Most currencies in the world experienced a loss in value in the last two years. Behind this phenomenon were an increase in government spending, weaker economic activity, the war in Ukraine, supply-chain disruption, and monetary policy tightening by central banks. In this environment, the outperformance of the Swiss Franc over another six other European currencies—Danish krone, Norwegian krone, Polish zloty, U.K. pound, Swedish krona, and the euro — stands out.
The performance of the Swiss Franc is outstanding: right now, it’s 7% above its January 2019 level against the U.S. dollar. In the same time window, in contrast, the rest are all down: the euro by 5%; the Danish krone also 5%; the Norwegian krone 11%; the Swedish krona 13%; the Polish zloty 13%; and the pound 2%.

Even though all these currencies are subject to country-specific fiscal and monetary policy, there was one common factor that affected all of them: inflation. Indeed, the data show a negative correlation between inflation and currency performance.

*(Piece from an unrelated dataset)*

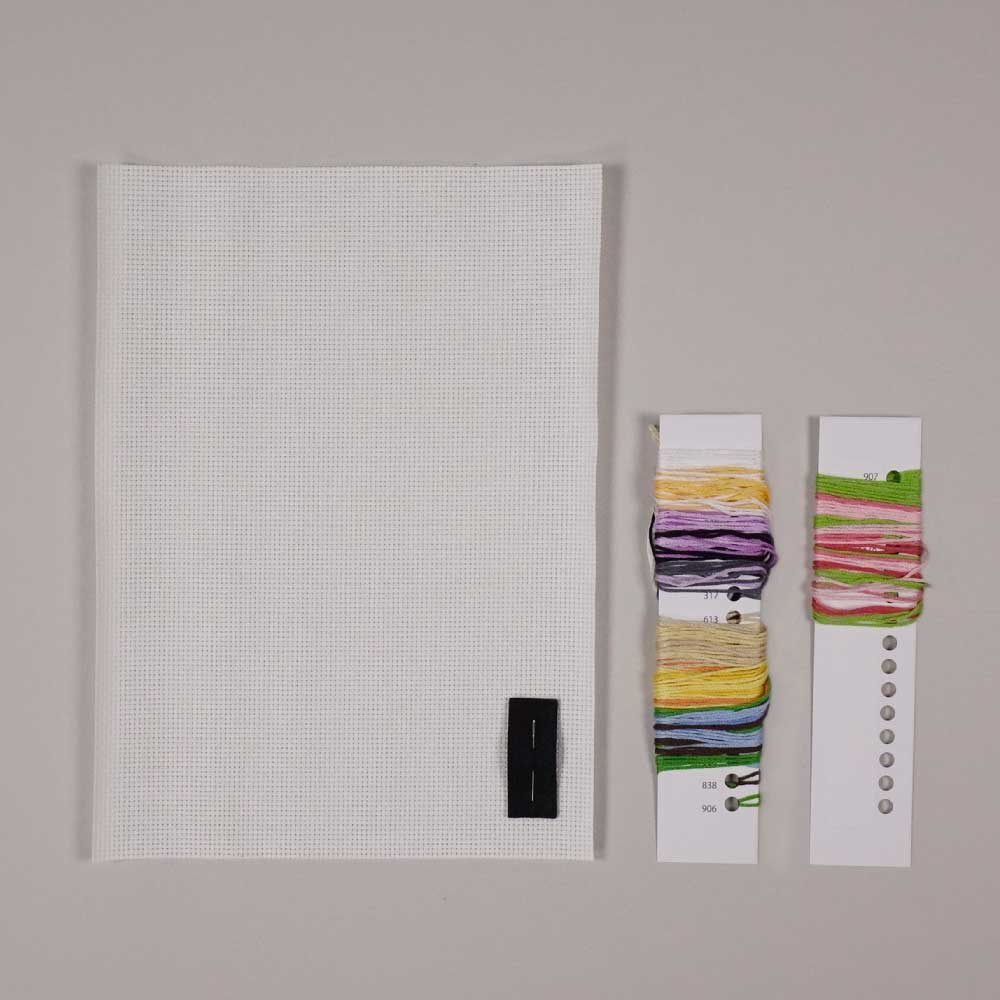 クロスステッチは方眼の布にクロスに糸を通して絵を描く刺しゅうです。

From January 2019 to its recent peak, Switzerland’s inflation rate increased by 2.9 pp., Poland’s by 17.2 pp., Sweden’s by 9.6 pp., Norway’s by 4.4 pp., the eurozone’s by 9.2 pp., the U.K’s by 7.8 pp., and Denmark’s by 8.8 pp.

Over the last two years, the prices of two groups of products increased considerably: energy and food. It is precisely through these groups that we can analyze why Swiss inflation didn’t rise as much as that of other European countries.

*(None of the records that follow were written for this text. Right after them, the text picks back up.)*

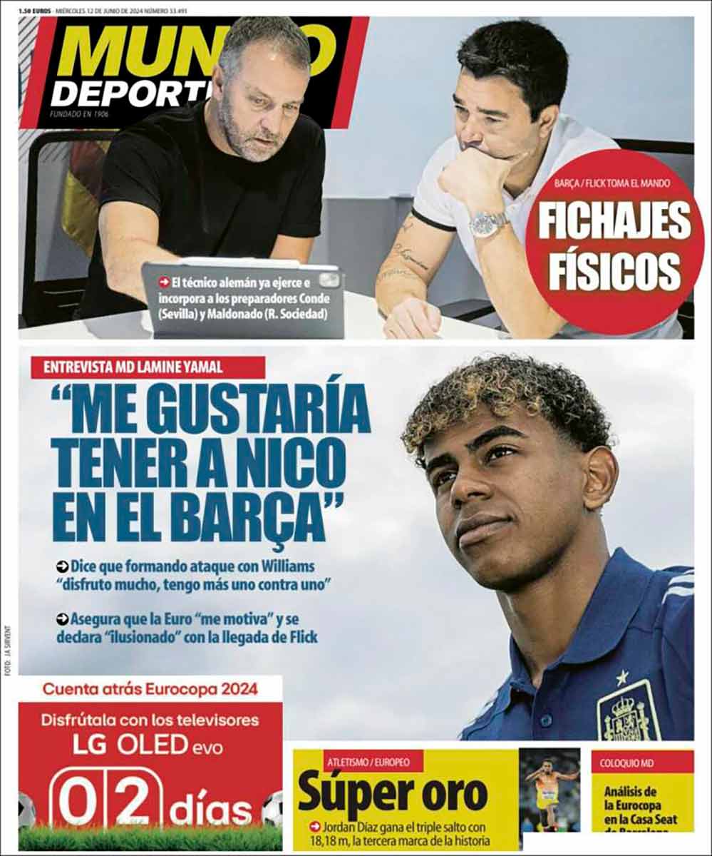 Se nota en las caras de Flick y de Deco, de Deco y de Flick, que ya no pueden más. No se les puede culpar. En Mundo Deportivo los vemos también contemplando el vídeo, conteniendo la náusea. No soportan ver esa colección histórica de artistas que arrasan en la radiofórmula sin proponer. El que sale en la foto de abajo, sin embargo, no es ningún artista de reggaetón sino Lamine Yamal. El reggaetón es cosa de vikingos, músicos (??) de ínfimo nivel que no comprenden que la música es posesión o barbarie, y que sólo buscan el triunfo por la burda vía de la insistencia en el arrime de la cebolleta, sin importar el cómo. Flick y Deco, Deco y Flick, ya van por la Décima, apoteosis del flow más mundano. Puaj.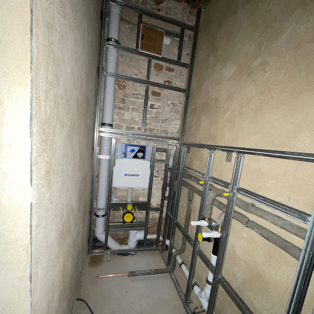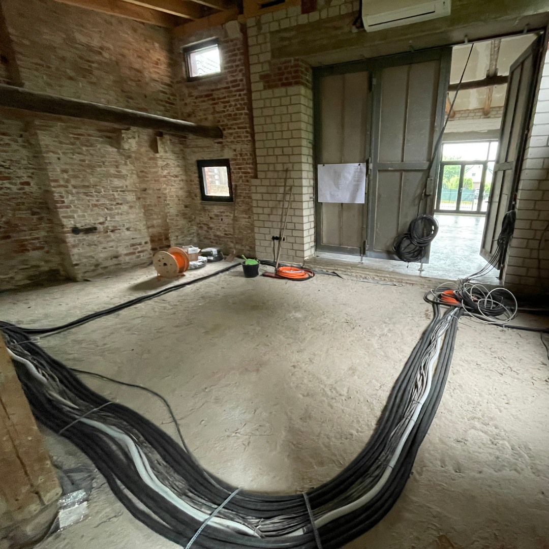 Im April und Mai wurden als erste Baumaßnahme Daten- und Stromkabel sowie Versorgungsleitungen verlegt. In den WCs wurden die Vorwände aufgebaut und die Anschlüsse gesetzt. Zudem wurde der Boden im vorderen Raum mit Epoxidharz versiegelt, um das Aufsteigen von Feuchtigkeit zu verhindern und das später verlegte Holz dauerhaft zu schützen.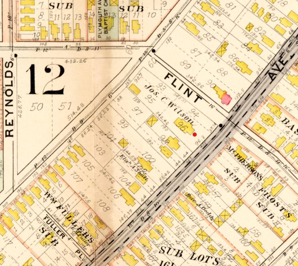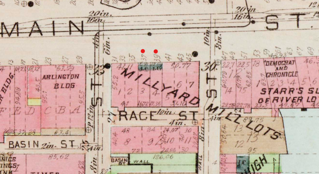 The area in 1875 per the city atlas. 37 & 39 are 11 and 13. They are owned by John Everts Morey and “F. Seifried”, respectively.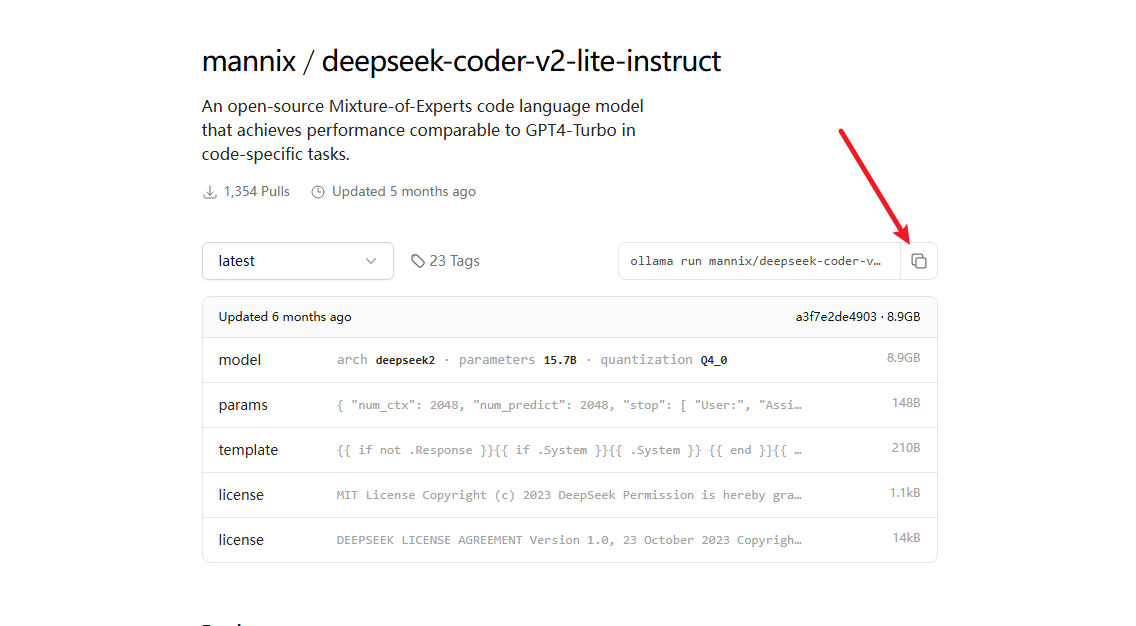 比如我要下载deepseek的deepseek-coder-v2-lite-instruct模型,在https://ollama.com/mannix/deepseek-coder-v2-lite-instruct中点击下面截图的命令执行即可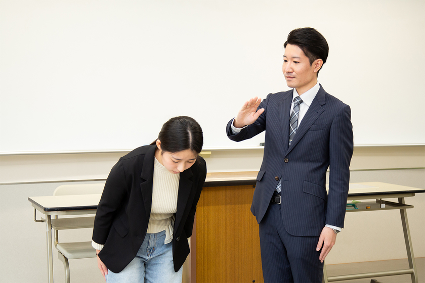 お辞儀の角度や姿勢、目線の置き方まで、相手に好印象を与える所作を一つずつ練習。

Switzerland, unlike its neighbors, is characterized by low dependency on oil, gas, and coal to produce energy: 1% of energy production comes from these sources, while for Poland the figure is a whopping 86%.

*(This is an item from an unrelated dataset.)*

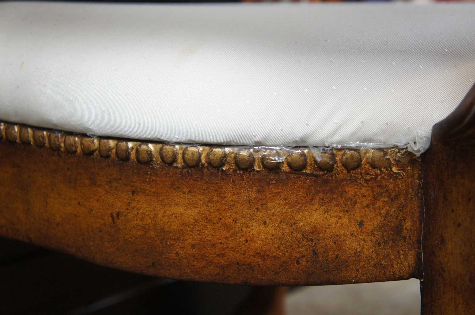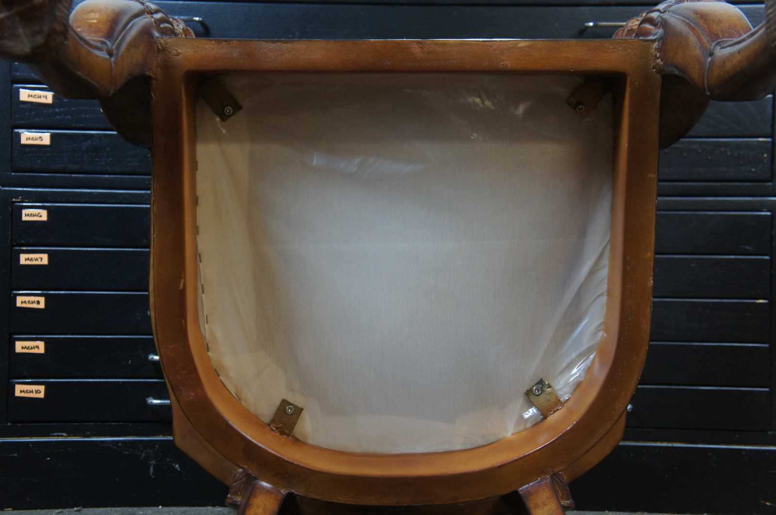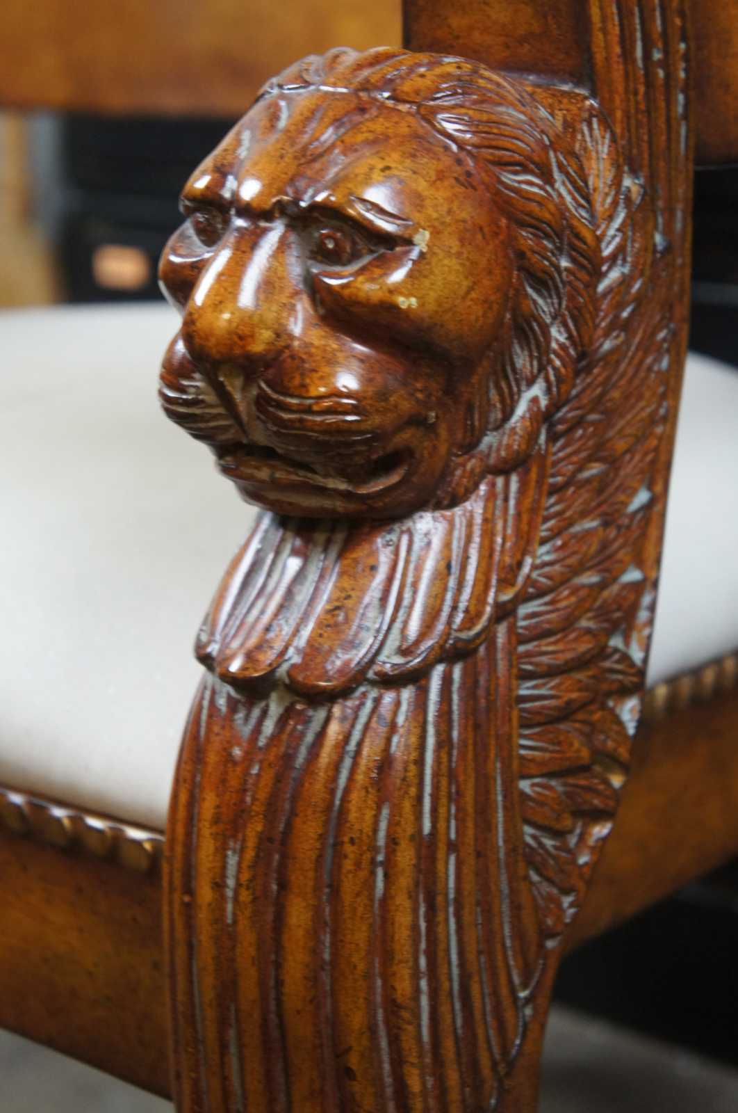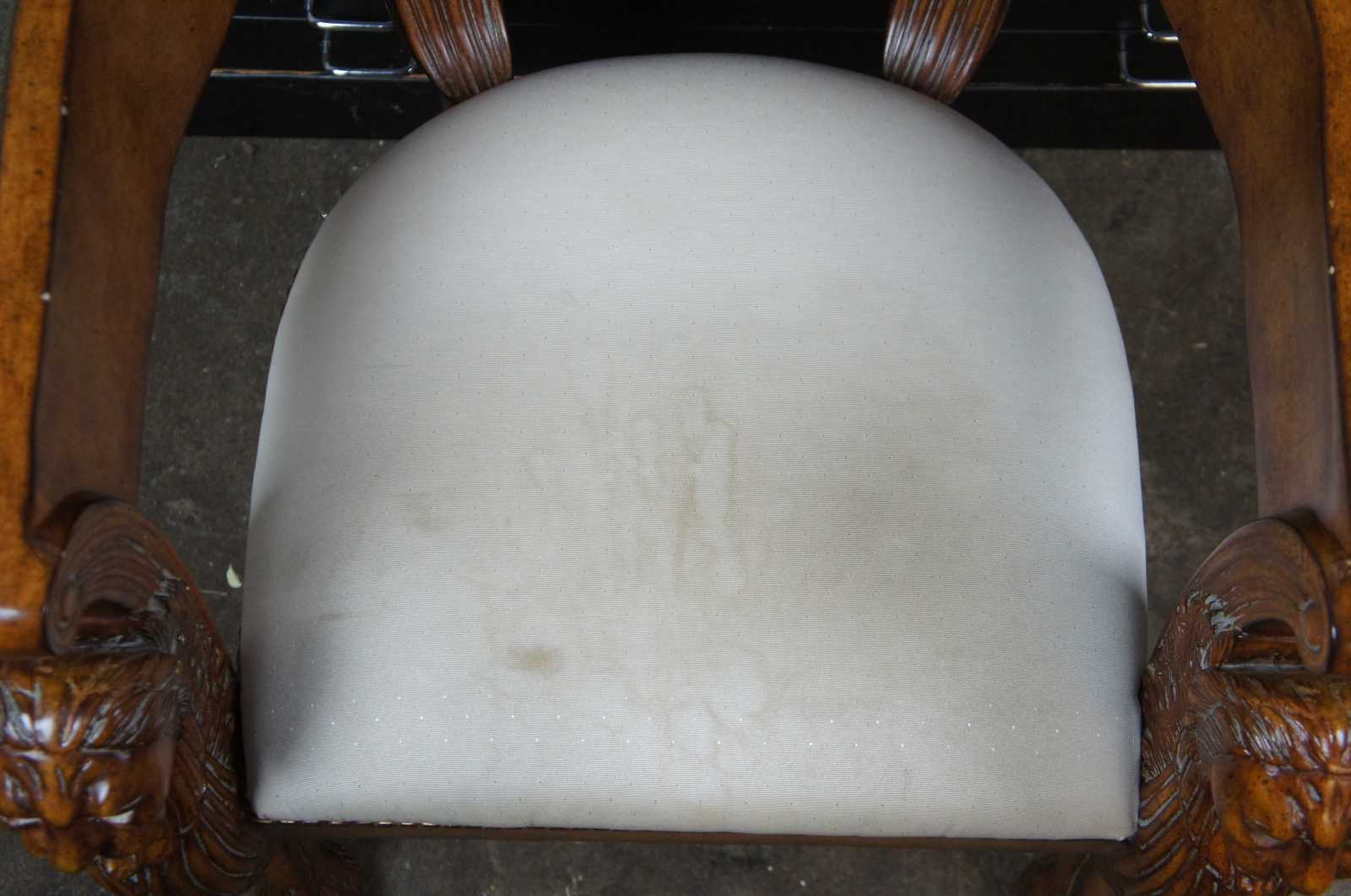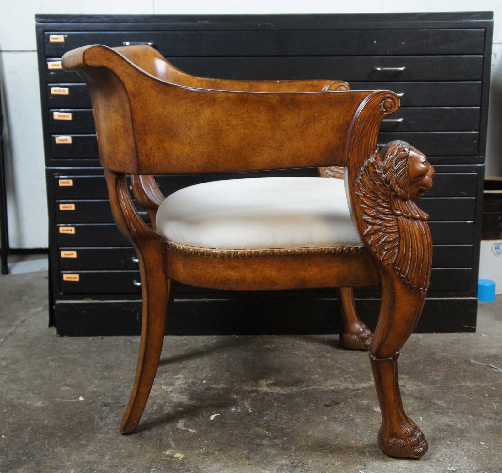 Vintage Egyptian inspired arm chair with sphinx shaped columns supporting the arms and a white upholstered seat with nailhead trim leading to flaired legs and paw / claw feet. Very heavy chair.

In addition, Swiss agricultural food tariffs are considerably higher than in other developed economies. The average Swiss tariff on agricultural products is 42.6%. Therefore, the impact of food price increases abroad are lower than in countries where tariffs are low. Local Swiss products are (artificially) more competitive to begin with.

Finally, Switzerland has a strong institutional framework, which gives certainty to long-term investors, and even makes them consider the Swiss franc as a substitute for commodities. This means that investors are constantly demanding Swiss francs, whose value has to increase in order to clear the market. This is particularly evident during high-uncertainty periods. The currency serves, like the U.S. dollar, as a safe haven.
We expect the Swiss franc to continue performing well in the future, with lower volatility relative to its peers. However, its 2023 return might be low compared to other currencies, specifically those that considerably lost value against the USD and might have overshot during 2022. Mean reversion, after all, still applies.